What a difference a new vocalist makes! Well, not really a "new" vocalist, just a different member barking. With the departure of vocalist/guitarist Balmore, who sang lead and shredded away on 2008's brilliant EXMORTUS debut, "In Hatred's Flame", co-shredder Conan slid over to the microphone and brings a nastier, meaner voice to "Beyond the Fall of Time", while new guitarist Sean Redline fills the vacated six-string spot. The technicality of the death/thrash assault is still present, but what one hears more than ever on the sophomore release is a muscular and downright brutal approach to these finely honed compositions.

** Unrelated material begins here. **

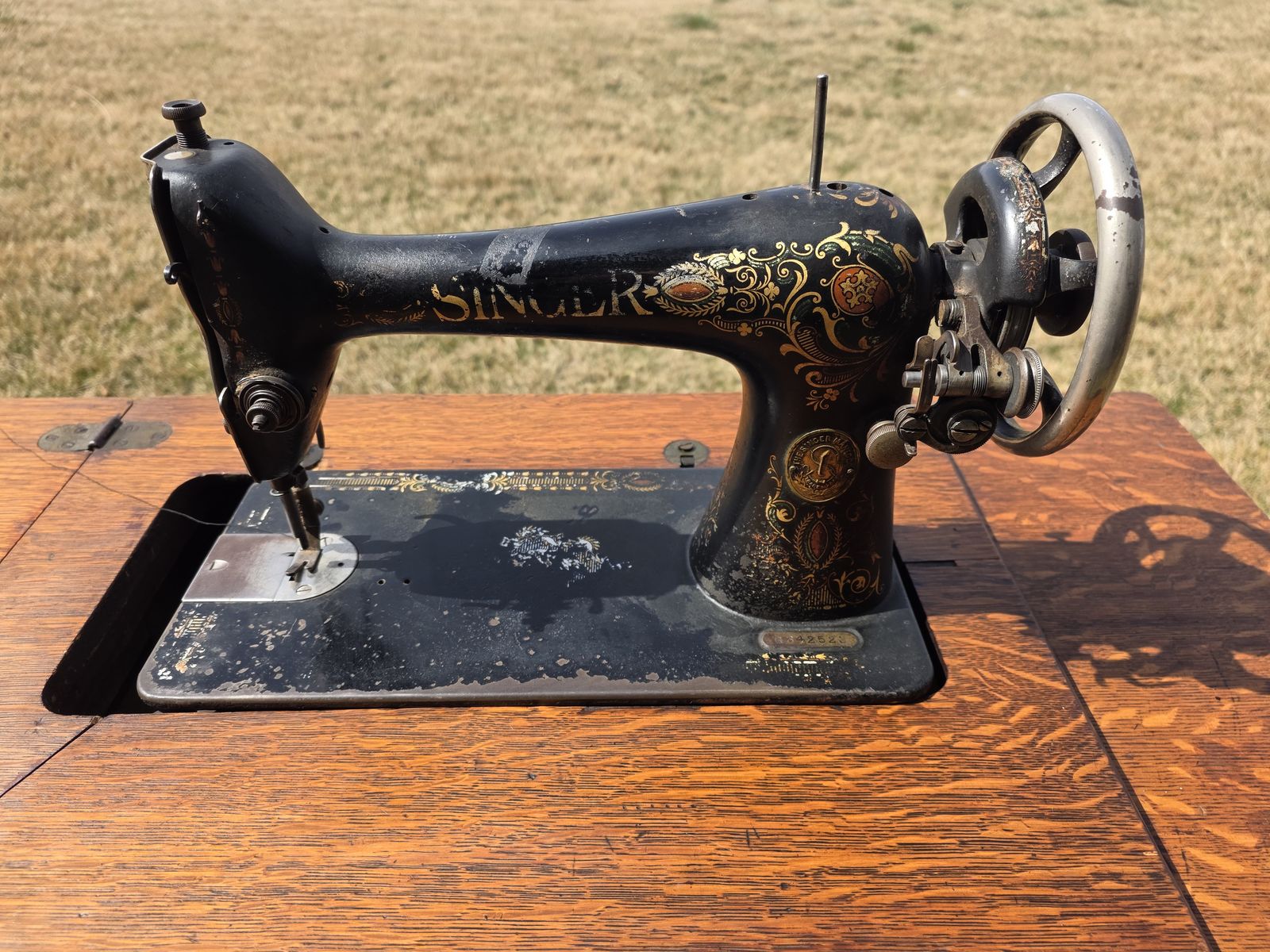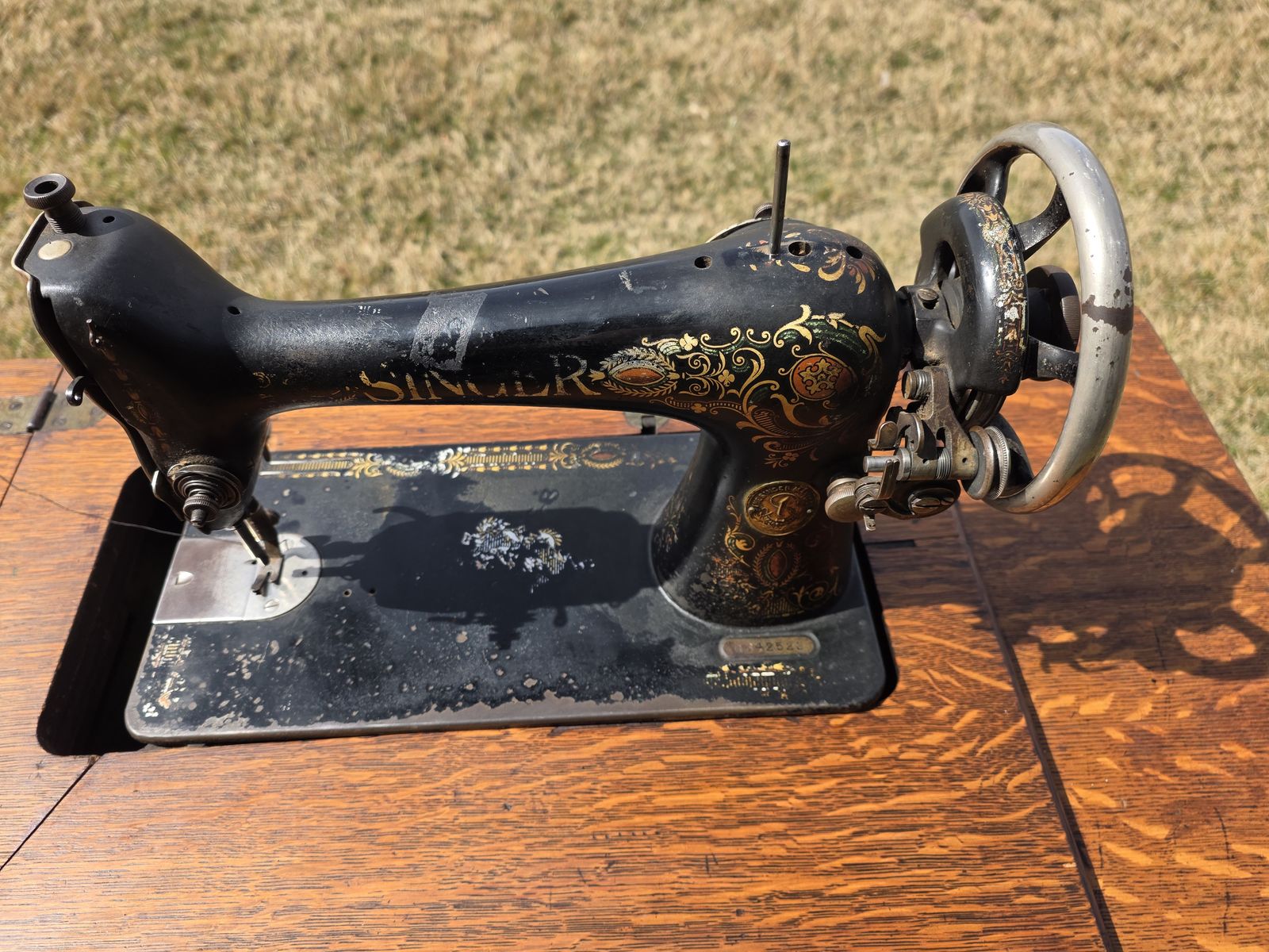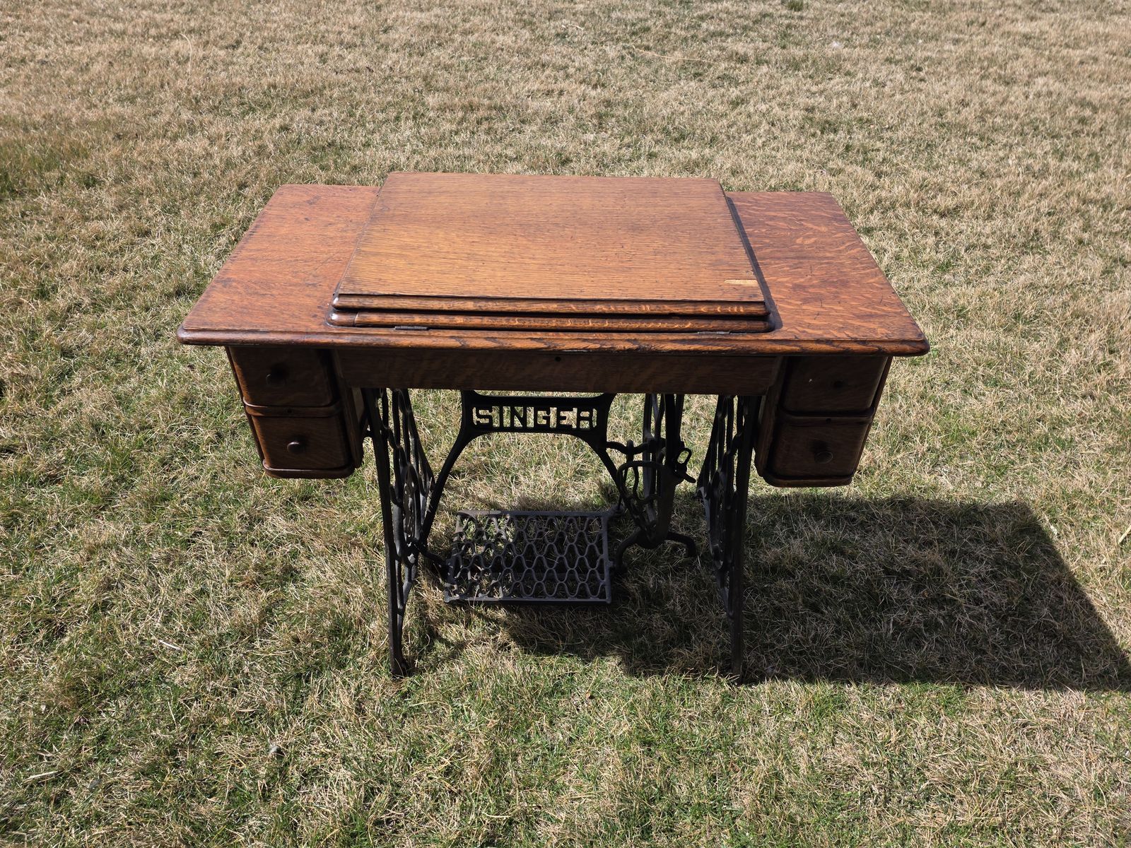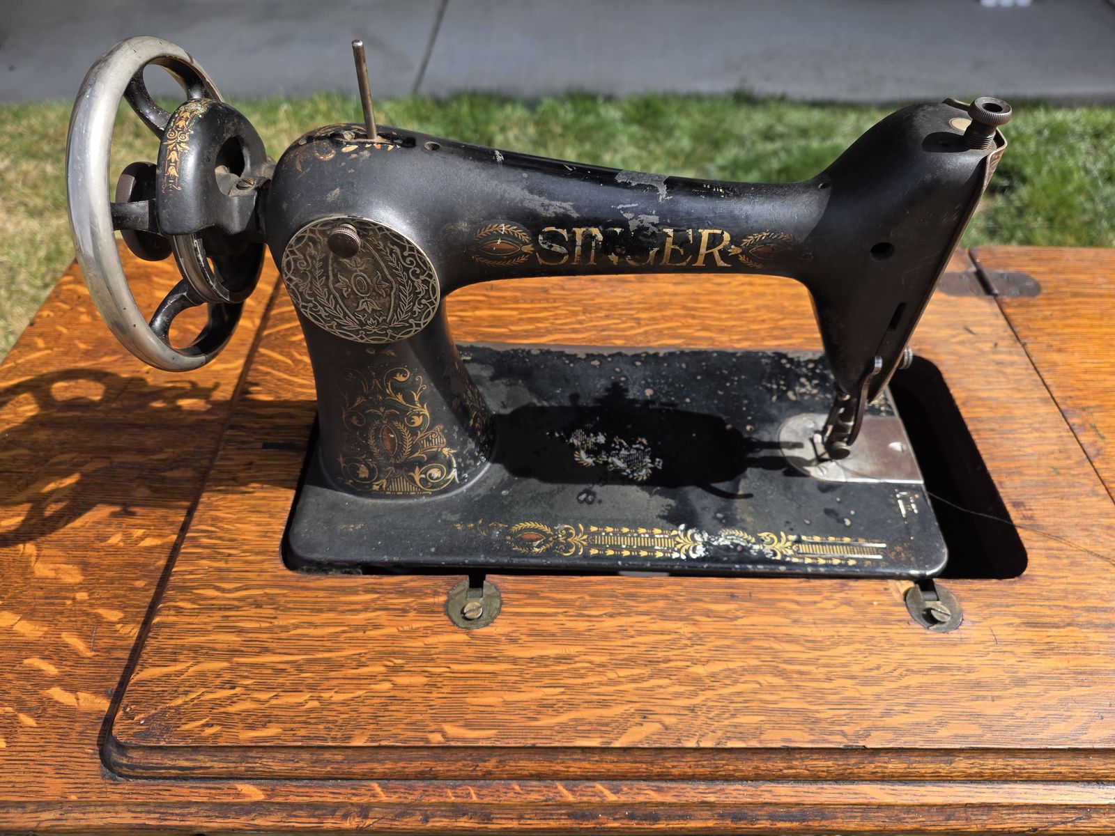 VenmoAntique Singer treadle sewing machine in beautiful oak cabinet. Early 1900s machine with original cast iron base and foot pedal.

In other words, the biggest difference between the two albums is that "Beyond the Fall of Time" hits with an impact that is more direct. That's only in terms relative to its predecessor and means that the sheer heaviness of the riffs, the diesel-powered rhythm section, and Conan's ballsy USURPER-CELTIC FROST snarl stands out even more than all those screaming guitar solos. The neoclassical guitar playing that was heard with some frequency on "In Hatred's Flame" is typically more subtle on "Beyond the Fall Time" with the exception of moments during "The Gathering", which also features a more distinct tunefulness in the chords compared to the rest of the album. That's also not to say that "Beyond the Fall of Time" is without its epic compositional qualities, in depth if not length, as one finds during the Middle Eastern flavors of instrumental "Beyond the Nile…" or the classical acoustic elements of the more subdued, though no less ominous, "Khronos (Forever in the Void)". But damn, it is the massive crush and belligerent vocals inherent in the attack this time around that raises tracks like "Kneel Before the Steel" and the absolute skull-cracking bellicosity of "Black XIII" to anthem levels. Not unlike the manner in which the songwriting as a whole is bolstered with meticulous playing and effective musical coloration, Conan knows just when to bust out a vintage, Rob Halford-esque scream, as is the also the case on "Kneel Before the Steel". Arrangement-wise, "Entombed with the Pharaohs" is the ace of the bunch — wantonly violent in demeanor, smattered with dive-bombing solos, rife with great transitions to mid-paced crunch, and all kinds of fret-fireworks over the course of its six-minute-plus duration. "Left to Die in the Paradox of Time" is right up there as well, this one a true blend of light atmospherics and speed metal fury.
Without question, "Beyond of the Fall of Time" can be placed into that coveted category of "One Tough Son of a Bitch". What really makes it a keeper though is how that characteristic is woven into such well-written material that also happens to be played with skill and verve. Get in on the EXMORTUS action now.